Linguistic predictability was measured using surprisal (experiment 1: mean = 7.92, s.d. = 2.10; experiment 2: mean = 8.17, s.d. = 1.92), defined as the negative log-transformed conditional probability of a word given its preceding context [58]. Surprisal provides a good measure of predictability and predicts reading times [59] and N400 amplitude [22]. Here, surprisal was generated using a bigram language model trained on the lemmatized version of the first slice (approx. 31-million tokens) of the ENCOW14-AX corpus [60]. Once trained, the model was used to calculate the surprisal of each word based on previous content words as follows:

surprisal(wt+1)=logP(wt+1|w1t),

where wt+1 indicates the current word, and w1…t stands for previous content words (see electronic supplementary material for more details).

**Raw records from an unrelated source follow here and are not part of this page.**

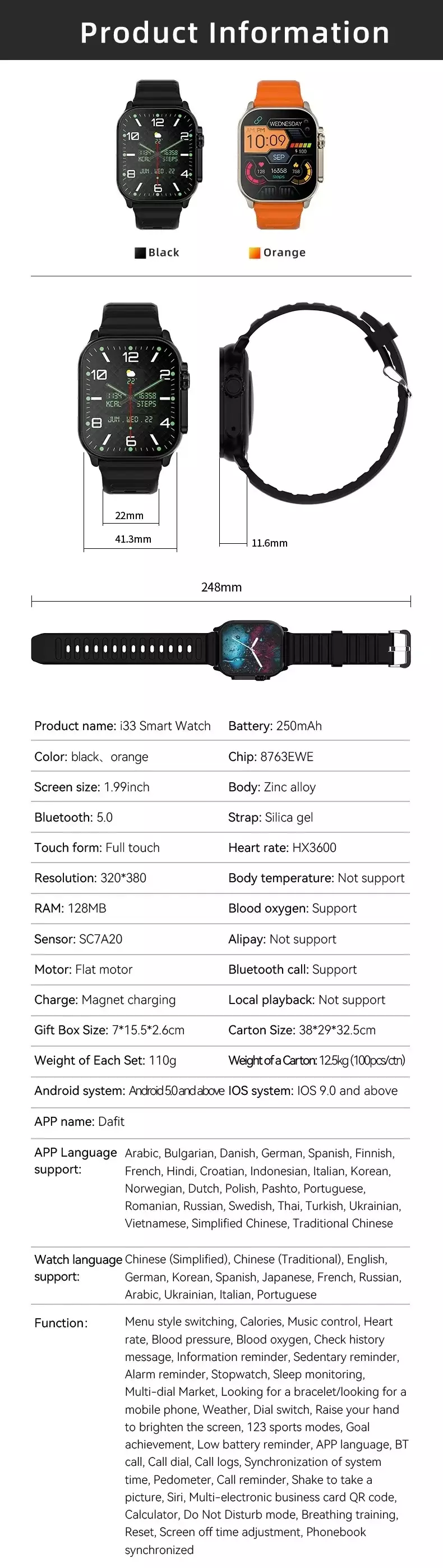 5. outras funções: gire o pulso para iluminar a tela, modo de baixo consumo de energia, modo silencioso, anti-perda, controle de foto, controle de música, cronômetro, despertador, calendário, calculadora.
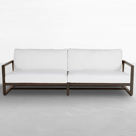 The Avondale Aluminum Sofa is the pinnacle of sleek design and comfort. Its clean lines and mid-century silhouette are crafted from high-grade wrought aluminum, ensuring durability and longevity. The sofa is finished with a resilient powder-coating, making it ideal for any outdoor setting. With plush, custom cushions that invite hours of relaxation, this sofa is a testament to sophisticated outdoor living, designed to create an inviting atmosphere where you can unwind in style.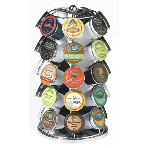 The Carousel for K-Cups elegantly displays all your favorite K-Cups. The lazy susan base rotates 360-degree, making it extremely easy to find and select your favorite K-Cup flavor. The stylish chrome finish design looks great on any kitchen counter top. The Carousel for K-Cups will hold up to 35 K-Cups.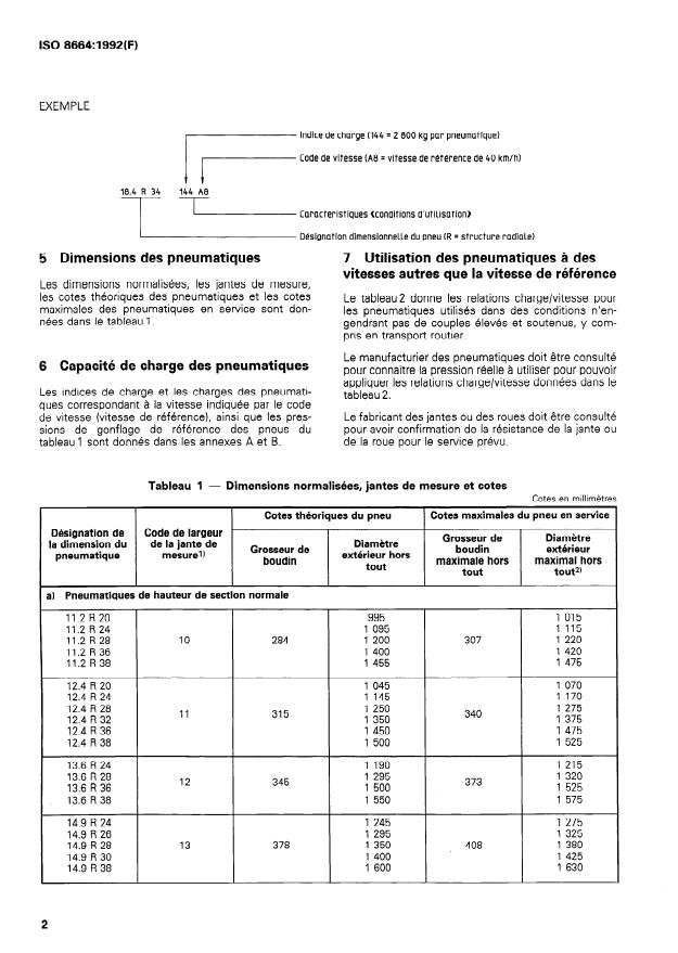 ISO 8664:1992 is a standard published by the International Organization for Standardization (ISO). Its full title is "Agricultural tractor drive-wheel tyres — Service description (load index — speed symbol) marked tyres". This standard covers: Specifies the marking, dimensions, load ratings and reference speeds for existing series of tyres. Applies to tyres of radial construction in the speed categories 30 km/h and 40 km/h.
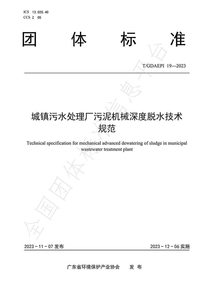 2023年11月7日,我司參與起草制定的《城鎮(zhèn)污水處理廠污泥機械深度脫水技術規(guī)范》(T/GDAEPI19-2023)經(jīng)廣東省環(huán)境保護產業(yè)協(xié)會正式發(fā)布。
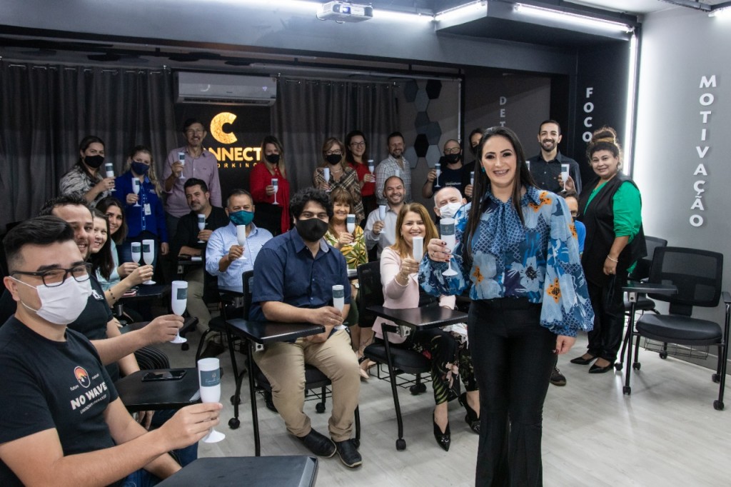 A ACIC, representada pela secretária executiva, Daniele Pinzon, esteve presente no lançamento da nova identidade visual da empresa Franciélli Gross Engenharia de Líderes Academy.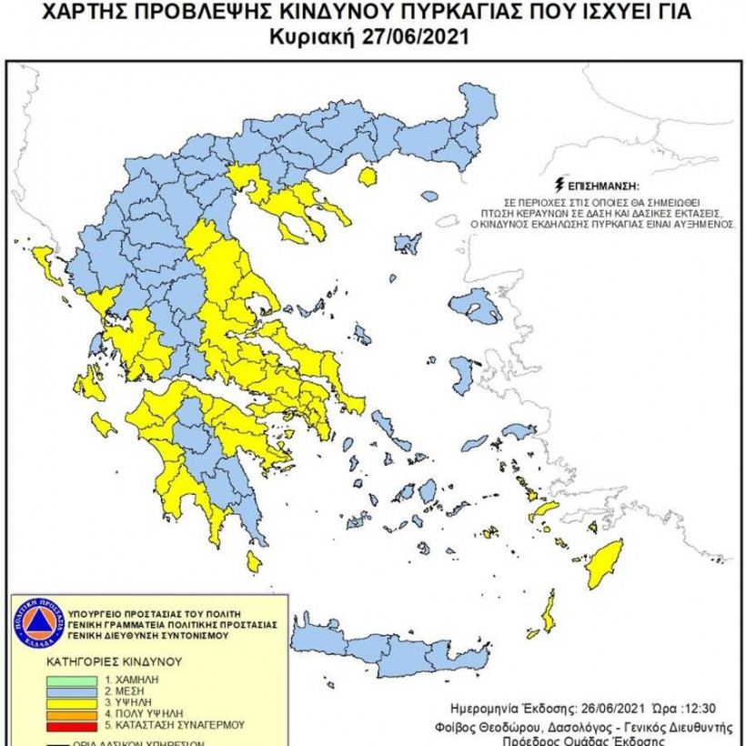 Φωτιές στην Ελλάδα - Όλες οι ειδήσεις: Σύμφωνα με το Χάρτη Πρόβλεψης Κινδύνου Πυρκαγιάς που εκδίδει η Γενική Γραμματεία Πολιτικής Προστασίας του Υπουργείου Εσωτερικών και Διοικητικής Ανασυγκρότησης, για σήμερα Κυριακή 27 Ιουνίου, προβλέπεται υψηλός κίνδυνος πυρκαγιάς (κατηγορία κινδύνου 3), σε  Αττική, Εύβοια, περιοχές Στερεάς Ελλάδας, Πελοποννήσου, Θεσσαλίας, Ηπείρου και Θεσσαλονίκης, Χαλκιδική, Θάσο, Δωδεκάνησα, Κύθηρα και σε νησιά του Ιονίου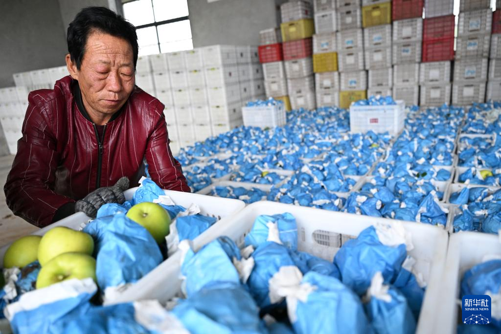 10月18日,在渭南市白水县秋林苹果专业合作社的果园里,果农林秋芳采摘“瑞雪”苹果。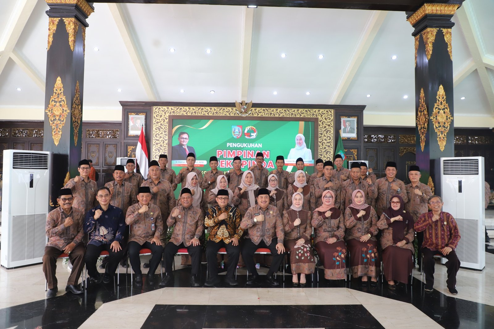 Prosesi pengukuhan berlangsung khidmat di Pendopo Kabupaten Jombang, Kamis (16/04/2026). Acara ini dihadiri langsung oleh Bupati Jombang Warsubi, Wakil Bupati Gus Salmanudin, Ketua Dekopinwil Jatim Slamet Sutanto, serta jajaran pejabat OPD di lingkup Pemkab Jombang.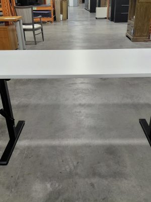 Global “Dufferin” Height Adjustable Single Ped Desk with Matching Table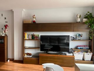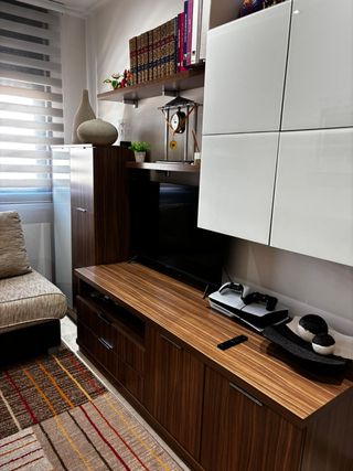 MUEBLE DE TV DE SALÓN – MUY ROBUSTO 180 € Mueble de TV de salón en acabado madera, muy robusto y funcional de gran calidad. Necesita algunos frontales. Incluye módulo bajo para TV, estanterías laterales y módulos superiores, con gran capacidad de almacenaje A tener en cuenta: Algunos frontales presentan desgaste por el sol. Se soluciona fácilmente cambiando algunas tapetas frontales.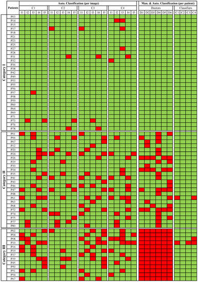 An overall view of the manual and automatic classification of every patient of the dataset; Green color: correct classification; Red color: misclassification. C1 to C4 represents the four classifiers; C1: Support Vector Machine (SVM) with polykernel, C2: SVM with Radial Basis Function (RBF), C3: k-Nearest Neighbor (kNN) and C4: Random Forest Classifier (RFC). I1 to I5 represent five testing images for each patient. D1 to D6 represent the six otolaryngologists.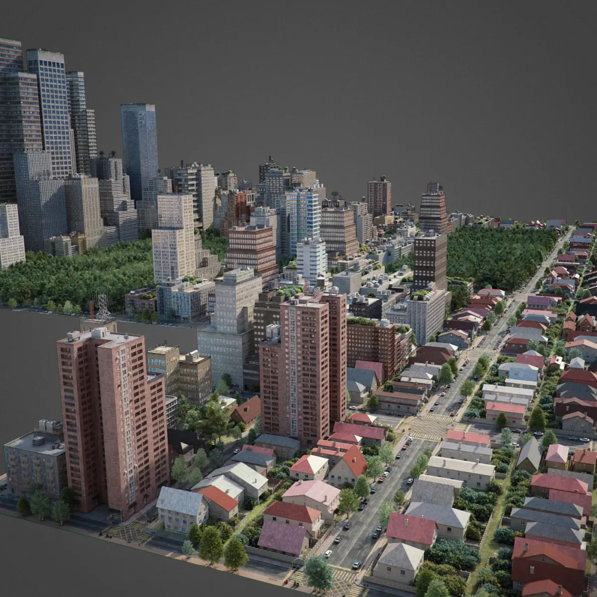 This is full 3d city model modeled based on americans cities. This is real world scale model. Whole scene setuped and fully ready to render. All materials setuped in Vray. Light setuped by HDRI and Dome light.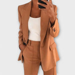 Objevte náš vynikající dámský oblek, který vaše frustrace s běžným oblečením promění v prach. Vyroben z prvotřídních materiálů, nabízí jak v saku, tak v kalhotách prvotřídní a pohodlný zážitek.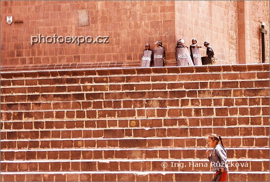 Policie u katedrály na hlavním náměstí Plaza de Armas v Cuzcu je připravena na ohlášenou demonstraci. Cuzco, turistická jednička v Peru, je na rozdíl Arequipy, městem značně levicovým. To se odráží i v počtu konaných demonstrací. Peru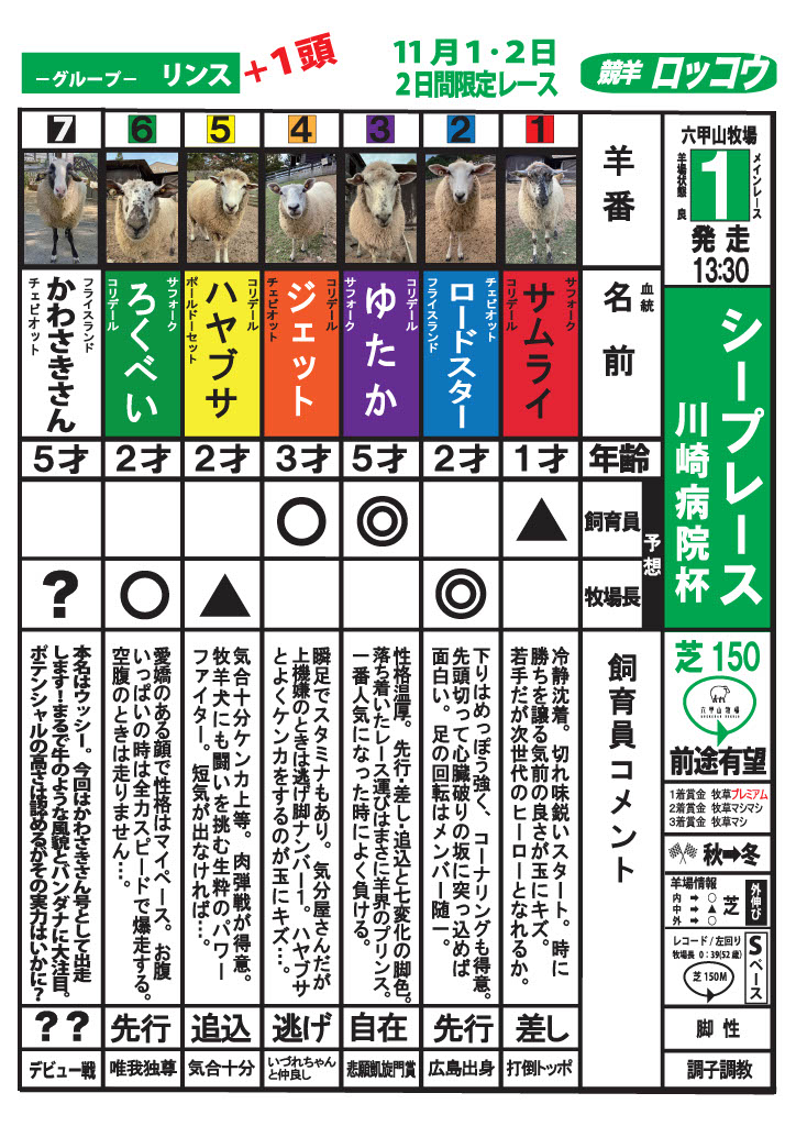 六甲山牧場でのシープレースは、通常6頭の羊が出走しますが、なんと特別に幻の7頭目を走らせていただくこととなりました。7頭目の羊の名前は「かわさきさん」(本名はウッシー)。ひと目見たら忘れられないまるで牛のような風貌の羊です。通常はレースに参加していない羊ですので、当日どんな走りを見せてくれるのか乞うご期待です。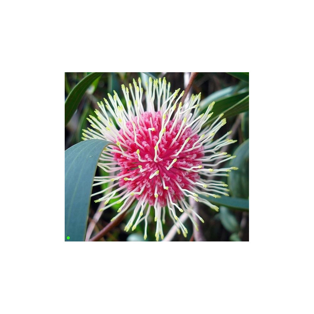 novozélandský vánoční strom, vzácný druh, kartáčovité žluté květy, zelené vejčité listy na...

Pitch prosody per word was quantified as mean F0 (experiment 1: mean = 298 Hz, s.d. = 84 Hz; experiment 2: mean = 288 Hz, s.d. = 88 Hz) extracted using Praat (v. 6.0.29) [61] (see electronic supplementary material for more details).

Gestures were coded as meaningful gestures or beats by expert coders (two in experiment 1, three in experiment 2) in ELAN (version 5.0.0) [62]. Meaningful gestures (experiment 1: n = 359; experiment 2: n = 458) comprised iconic gestures (e.g. drawing movements for the word ‘drawing') and deictic gestures (e.g. pointing to the hair for ‘hair'). Beat gestures (experiment 1: n = 229; experiment 2: n = 340) comprised rhythmic movements of the hands without clear meaning [39]. To associate words with gestures, two variables, meaningful gesture and beat gesture, were then created. Words received 1 for meaningful gesture if a corresponding meaningful gesture was annotated, and 1 for beat gesture if it overlapped with the stroke of a beat gesture.

Mouth informativeness (experiment 1: mean = 0.65, s.d. = 0.28; experiment 2: mean = 0.67, s.d. = 0.29) was quantified per word in online experiments (using Gorilla). An actress produced each word individually. Participants (recruited from Prolific) were paid £6 per hour to watch each word twice and guess the words based on the mouth shape. Every word was rated by 10 participants. We then calculated the reversed averaged phonological distance between the guesses and the answer using the Python library PanPhon [63]: larger value indicates more accurate guess thus higher mouth informativeness (see full details in electronic supplementary material).

(d) . Procedure

Participants watched videos (experiment 1: n = 100; experiment 2: n = 79), presented using Presentation software (v. 18.0), counterbalanced for gestures presence, while their EEG responses were recorded using a 32-channel BioSimi system (see full details in electronic supplementary material). Videos were separated by a 2000 ms interval in experiment 1, and 1000 ms interval in experiment 2. Some videos were followed by comprehension questions (Yes/No) about the content of the speech to ensure participants paid attention (experiment 1: 35 questions; experiment 2: 40 questions. See examples of questions and behavioural analysis in electronic supplementary material). They were instructed to watch videos carefully and answer the questions, when they were presented, as quickly and accurately as possible (prioritizing accuracy) by pressing the left (Yes) or right (No) control key. Participants sat approximately 1 m away from the screen (resolution = 1024 × 768) with 50Ω headphones. They were asked to avoid moving, keep their facial muscles relaxed and reduce blinking (when comfortable). The recording took ∼30 min in experiment 1, ∼60 min in experiment 2.

(e) . EEG analysis

Raw data were pre-processed with EEGLAB (v. 14.1.1) [64] and ERPLAB (v. 7.0.0) [65] in MATLAB (R2017b). See full details in electronic supplementary material. We first establish the time window where processing is affected by linguistic predictability in experiment 1. No previous study investigated surprisal effects in audiovisual communication. Therefore, rather than making a priori assumptions about the specific event-related response we should observe, we carried out a hierarchical LInear MOdeling (LIMO toolbox [66]) to identify the EEG component sensitive to surprisal. This regression-based ERP analysis linearly decomposes the ERP signal into time-series of beta coefficient waveforms elicited by continuous variables (see full details in electronic supplementary material).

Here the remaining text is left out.